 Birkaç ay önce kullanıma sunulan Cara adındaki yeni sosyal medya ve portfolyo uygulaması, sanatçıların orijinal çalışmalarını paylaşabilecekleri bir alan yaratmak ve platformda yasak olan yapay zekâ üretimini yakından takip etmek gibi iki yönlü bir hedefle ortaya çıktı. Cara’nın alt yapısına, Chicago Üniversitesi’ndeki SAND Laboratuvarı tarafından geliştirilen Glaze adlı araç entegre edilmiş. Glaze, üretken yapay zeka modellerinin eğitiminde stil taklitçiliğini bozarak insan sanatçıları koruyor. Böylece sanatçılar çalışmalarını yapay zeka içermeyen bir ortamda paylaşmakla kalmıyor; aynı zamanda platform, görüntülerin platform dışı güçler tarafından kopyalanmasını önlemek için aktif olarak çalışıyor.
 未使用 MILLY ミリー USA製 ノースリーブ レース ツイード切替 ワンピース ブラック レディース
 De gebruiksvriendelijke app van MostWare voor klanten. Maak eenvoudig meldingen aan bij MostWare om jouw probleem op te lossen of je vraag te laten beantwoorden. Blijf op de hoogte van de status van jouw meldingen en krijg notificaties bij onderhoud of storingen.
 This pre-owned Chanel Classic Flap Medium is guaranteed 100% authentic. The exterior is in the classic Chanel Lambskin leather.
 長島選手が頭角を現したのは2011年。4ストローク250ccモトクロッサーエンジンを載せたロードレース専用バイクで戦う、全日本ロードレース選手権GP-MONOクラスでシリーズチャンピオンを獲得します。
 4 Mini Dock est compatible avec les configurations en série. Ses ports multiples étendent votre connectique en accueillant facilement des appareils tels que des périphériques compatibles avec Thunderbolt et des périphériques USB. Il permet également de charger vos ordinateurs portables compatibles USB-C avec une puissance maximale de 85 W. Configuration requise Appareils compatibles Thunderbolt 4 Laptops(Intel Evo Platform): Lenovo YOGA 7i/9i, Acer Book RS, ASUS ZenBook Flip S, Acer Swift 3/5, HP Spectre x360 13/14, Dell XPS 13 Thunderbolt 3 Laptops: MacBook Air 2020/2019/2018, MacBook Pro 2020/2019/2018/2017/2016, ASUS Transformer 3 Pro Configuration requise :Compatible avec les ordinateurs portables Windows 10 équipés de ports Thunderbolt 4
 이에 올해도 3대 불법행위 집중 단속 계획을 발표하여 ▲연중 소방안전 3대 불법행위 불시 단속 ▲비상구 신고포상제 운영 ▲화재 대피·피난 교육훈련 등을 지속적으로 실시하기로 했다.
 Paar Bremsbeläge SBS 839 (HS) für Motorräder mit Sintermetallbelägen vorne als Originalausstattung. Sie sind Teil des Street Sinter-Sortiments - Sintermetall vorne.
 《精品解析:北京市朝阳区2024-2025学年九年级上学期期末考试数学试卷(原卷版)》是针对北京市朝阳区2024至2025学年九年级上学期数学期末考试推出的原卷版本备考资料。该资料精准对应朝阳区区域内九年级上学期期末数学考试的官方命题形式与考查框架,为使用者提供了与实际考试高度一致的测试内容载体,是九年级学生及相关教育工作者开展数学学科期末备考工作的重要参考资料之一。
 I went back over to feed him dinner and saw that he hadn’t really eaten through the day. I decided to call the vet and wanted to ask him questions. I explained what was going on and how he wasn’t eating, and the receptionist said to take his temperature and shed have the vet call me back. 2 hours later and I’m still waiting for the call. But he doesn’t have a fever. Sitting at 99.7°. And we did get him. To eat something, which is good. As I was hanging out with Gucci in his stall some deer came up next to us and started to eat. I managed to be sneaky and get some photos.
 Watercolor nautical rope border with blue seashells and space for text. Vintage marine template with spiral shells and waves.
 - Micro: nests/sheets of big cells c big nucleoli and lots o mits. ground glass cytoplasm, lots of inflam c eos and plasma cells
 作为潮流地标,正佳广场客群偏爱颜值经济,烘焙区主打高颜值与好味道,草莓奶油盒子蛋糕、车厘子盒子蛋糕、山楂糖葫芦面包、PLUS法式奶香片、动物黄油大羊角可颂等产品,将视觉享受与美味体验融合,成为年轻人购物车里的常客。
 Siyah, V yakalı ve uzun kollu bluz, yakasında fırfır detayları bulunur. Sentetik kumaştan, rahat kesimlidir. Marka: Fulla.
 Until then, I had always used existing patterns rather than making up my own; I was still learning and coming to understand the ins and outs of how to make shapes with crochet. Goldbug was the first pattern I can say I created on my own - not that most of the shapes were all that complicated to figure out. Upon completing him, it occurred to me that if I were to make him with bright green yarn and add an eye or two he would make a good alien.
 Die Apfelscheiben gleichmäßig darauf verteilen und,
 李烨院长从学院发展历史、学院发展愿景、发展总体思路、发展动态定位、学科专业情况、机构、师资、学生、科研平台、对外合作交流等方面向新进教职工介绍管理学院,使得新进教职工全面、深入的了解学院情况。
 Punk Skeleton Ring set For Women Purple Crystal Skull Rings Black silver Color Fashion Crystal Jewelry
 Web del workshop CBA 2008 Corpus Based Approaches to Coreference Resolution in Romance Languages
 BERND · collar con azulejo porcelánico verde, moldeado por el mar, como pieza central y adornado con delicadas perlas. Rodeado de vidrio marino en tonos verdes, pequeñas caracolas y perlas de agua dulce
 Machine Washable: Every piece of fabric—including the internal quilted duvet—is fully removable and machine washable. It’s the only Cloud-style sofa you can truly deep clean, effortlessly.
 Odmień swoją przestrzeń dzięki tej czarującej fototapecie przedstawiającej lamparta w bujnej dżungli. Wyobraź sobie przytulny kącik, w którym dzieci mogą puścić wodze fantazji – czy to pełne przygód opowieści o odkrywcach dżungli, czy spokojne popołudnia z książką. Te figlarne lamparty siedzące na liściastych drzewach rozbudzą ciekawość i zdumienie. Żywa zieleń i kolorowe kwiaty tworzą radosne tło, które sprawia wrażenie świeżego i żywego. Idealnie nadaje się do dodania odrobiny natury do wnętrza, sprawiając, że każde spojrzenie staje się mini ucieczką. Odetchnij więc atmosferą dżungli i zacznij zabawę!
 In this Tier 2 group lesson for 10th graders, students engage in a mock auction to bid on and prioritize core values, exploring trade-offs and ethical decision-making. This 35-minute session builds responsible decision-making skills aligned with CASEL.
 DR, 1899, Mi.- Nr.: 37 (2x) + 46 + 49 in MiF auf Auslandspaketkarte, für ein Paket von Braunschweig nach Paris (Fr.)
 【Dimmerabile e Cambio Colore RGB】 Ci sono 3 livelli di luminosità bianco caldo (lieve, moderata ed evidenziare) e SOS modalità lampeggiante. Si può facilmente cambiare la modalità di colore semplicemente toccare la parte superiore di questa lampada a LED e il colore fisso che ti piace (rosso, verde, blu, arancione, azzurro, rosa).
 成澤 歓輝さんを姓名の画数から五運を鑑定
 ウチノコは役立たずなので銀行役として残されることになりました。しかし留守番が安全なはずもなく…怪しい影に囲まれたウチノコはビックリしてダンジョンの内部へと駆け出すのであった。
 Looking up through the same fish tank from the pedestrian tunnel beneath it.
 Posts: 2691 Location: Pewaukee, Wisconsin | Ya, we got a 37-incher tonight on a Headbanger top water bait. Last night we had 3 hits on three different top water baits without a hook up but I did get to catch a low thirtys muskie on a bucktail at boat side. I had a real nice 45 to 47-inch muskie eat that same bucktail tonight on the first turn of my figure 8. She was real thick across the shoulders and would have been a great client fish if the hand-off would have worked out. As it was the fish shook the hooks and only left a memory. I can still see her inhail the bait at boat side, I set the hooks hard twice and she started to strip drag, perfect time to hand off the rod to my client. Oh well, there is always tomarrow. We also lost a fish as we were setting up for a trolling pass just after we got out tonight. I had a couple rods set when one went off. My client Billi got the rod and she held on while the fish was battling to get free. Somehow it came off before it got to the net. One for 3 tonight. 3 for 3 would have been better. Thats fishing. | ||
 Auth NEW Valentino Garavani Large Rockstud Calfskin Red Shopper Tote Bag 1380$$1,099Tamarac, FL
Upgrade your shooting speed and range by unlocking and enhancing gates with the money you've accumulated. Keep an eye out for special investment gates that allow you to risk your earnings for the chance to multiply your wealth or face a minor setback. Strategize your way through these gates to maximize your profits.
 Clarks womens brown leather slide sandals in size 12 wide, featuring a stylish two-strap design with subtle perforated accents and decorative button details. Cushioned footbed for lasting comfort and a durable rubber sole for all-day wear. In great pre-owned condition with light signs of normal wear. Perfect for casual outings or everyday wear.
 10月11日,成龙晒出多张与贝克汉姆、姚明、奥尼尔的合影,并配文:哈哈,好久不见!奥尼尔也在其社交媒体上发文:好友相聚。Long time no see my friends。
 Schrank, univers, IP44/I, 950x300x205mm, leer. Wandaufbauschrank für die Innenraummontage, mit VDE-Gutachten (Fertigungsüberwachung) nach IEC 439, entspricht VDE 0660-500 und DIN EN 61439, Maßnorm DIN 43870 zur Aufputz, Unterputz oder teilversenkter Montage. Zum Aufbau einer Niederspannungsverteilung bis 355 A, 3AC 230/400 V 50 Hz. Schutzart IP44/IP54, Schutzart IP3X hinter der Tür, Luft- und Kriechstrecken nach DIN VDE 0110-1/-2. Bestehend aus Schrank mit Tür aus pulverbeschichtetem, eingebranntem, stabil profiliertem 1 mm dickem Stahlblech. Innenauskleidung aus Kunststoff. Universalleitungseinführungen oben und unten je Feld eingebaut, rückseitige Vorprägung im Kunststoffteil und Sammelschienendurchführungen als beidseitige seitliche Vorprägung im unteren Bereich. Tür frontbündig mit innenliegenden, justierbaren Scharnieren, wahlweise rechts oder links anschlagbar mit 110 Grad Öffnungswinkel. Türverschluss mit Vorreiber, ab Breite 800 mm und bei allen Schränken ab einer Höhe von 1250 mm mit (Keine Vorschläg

§

**Task goal:**
Look through the material above for "leather" and copy the lines that have it.

**Expected answer:**
 This pre-owned Chanel Classic Flap Medium is guaranteed 100% authentic. The exterior is in the classic Chanel Lambskin leather.
 Clarks womens brown leather slide sandals in size 12 wide, featuring a stylish two-strap design with subtle perforated accents and decorative button details. Cushioned footbed for lasting comfort and a durable rubber sole for all-day wear. In great pre-owned condition with light signs of normal wear. Perfect for casual outings or everyday wear.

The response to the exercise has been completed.